Californian voters re-elect dead man as city treasurer

In California voters re-elected their incumbent City Treasurer despite the fact he had died more than a month earlier

Alexandra Sims
Thursday 10 November 2016 16:47
Gary Ernst was elected on Tuesday despite his death in September
Gary Ernst was elected on Tuesday despite his death in September

Donald Trump's unexpected victory in the US Presidential elections has sent shock waves across the world, but it was not the only surprising election win to take place this week.

In a city council election in Oceanside, California, voters re-elected their incumbent City Treasurer Gary Ernst on Tuesday, despite the fact he died more than a month earlier.

Mr Ernst garnered 17,659 votes in the election, beating his challenger Nadine Scott by six percentage points.

Officials said there had not been enough time to remove his name from the ballot after he died from diabetes complications on 23 September.

Mr Ernst's posthumous victory, described as a "unique situation to say the least" by Oceanside city clerk, Zach Beck, was criticised by rival Ms Scott who called for an investigation into the result.

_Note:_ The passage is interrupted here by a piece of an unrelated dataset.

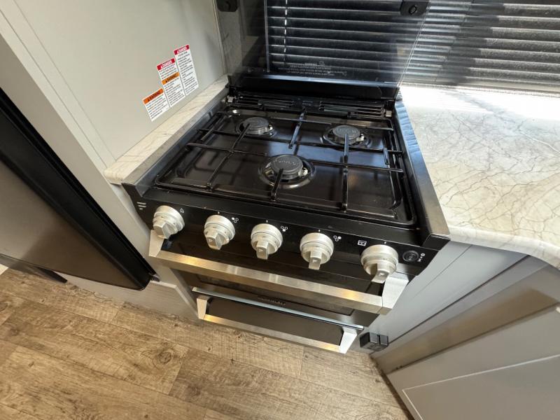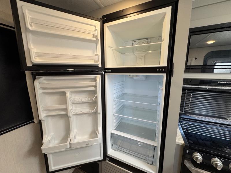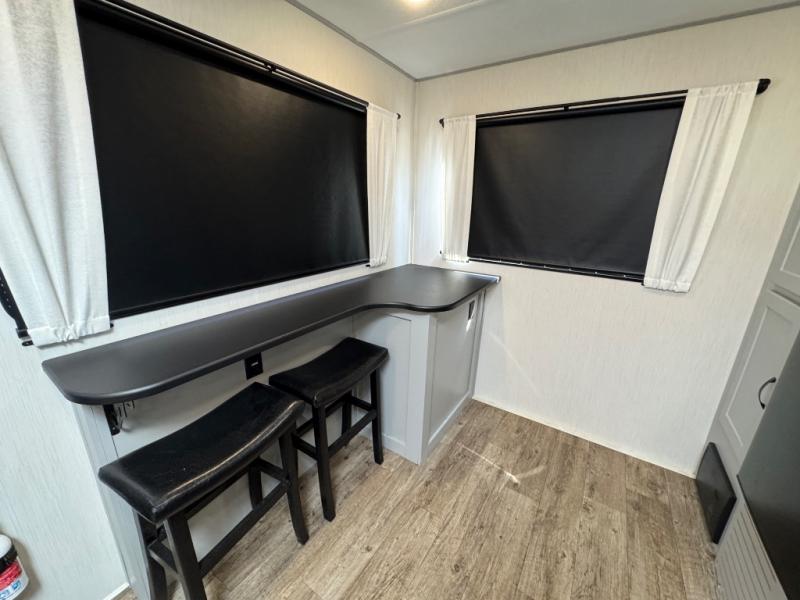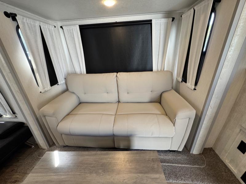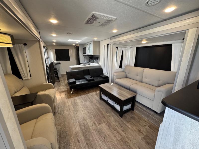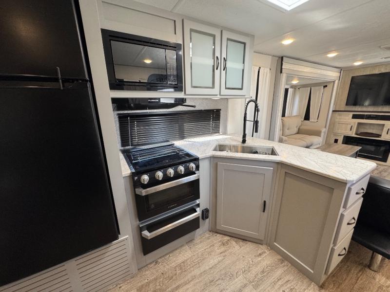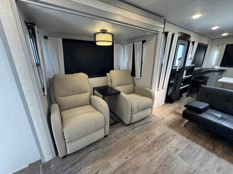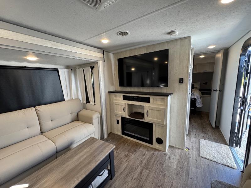 If you like your rooms separated, this trailer has you covered! From the rear kitchen with a window to enjoy the scenery, and a buffet to serve meals from to having dual entry for easy access to both ends of the trailer, this model is perfect! The separate living area provides dual opposing slides with oversized panoramic windows, a sleeper sofa and a booth dinette, plus two recliners are near by. You can enjoy the fireplace as well. The full bathroom offers a walk-in shower and everything you need to stay clean and refreshed for what's next on the agenda. And the front bedroom gives you a queen bed to quickly fall asleep. And don't forget about the exterior pass through storage, the outside kitchen and the two awnings.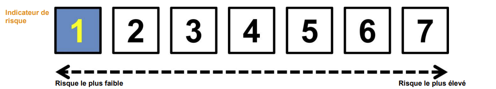 Nous avons classé ce produit dans la classe de risque 1 sur 7, qui est la classe de risque la plus basse. Autrement dit, les pertes potentielles liées aux futurs résultats du produit se situent à un niveau faible et, si la situation venait à se détériorer sur les marchés, il est très peu probable que notre capacité à vous payer en soit affectée.

Ms Scott alleged that many of Mr Ernst's voters were not aware that he was dead and issued an official complaint over a city newsletter, which did mention Mr Ernst's death, but also listed his accomplishments and told voters that if he was re-elected the city council could either call a special election or appoint a replacement, KGTV reports.

“It stands on its face, they were asking people to vote for him implicitly because they did not mention me, they did not mention my credentials," Ms Scott told ABC 10 News.

She told NBC 7 that she would like to be appointed to the post in honour of the 15,500 people who voted for her.

The state's Fair Political Practices Commission declined to investigate, the San Diego Union-Tribune reported, meaning the council must now decide how it will fill Mr Ernst's seat.

Oceanside city manager Michelle Lawrence told 10 News there was "no political intent in the news letter", saying it was meant to inform citizens that one of their elected officials had died and to let them know about the appropriate election rules.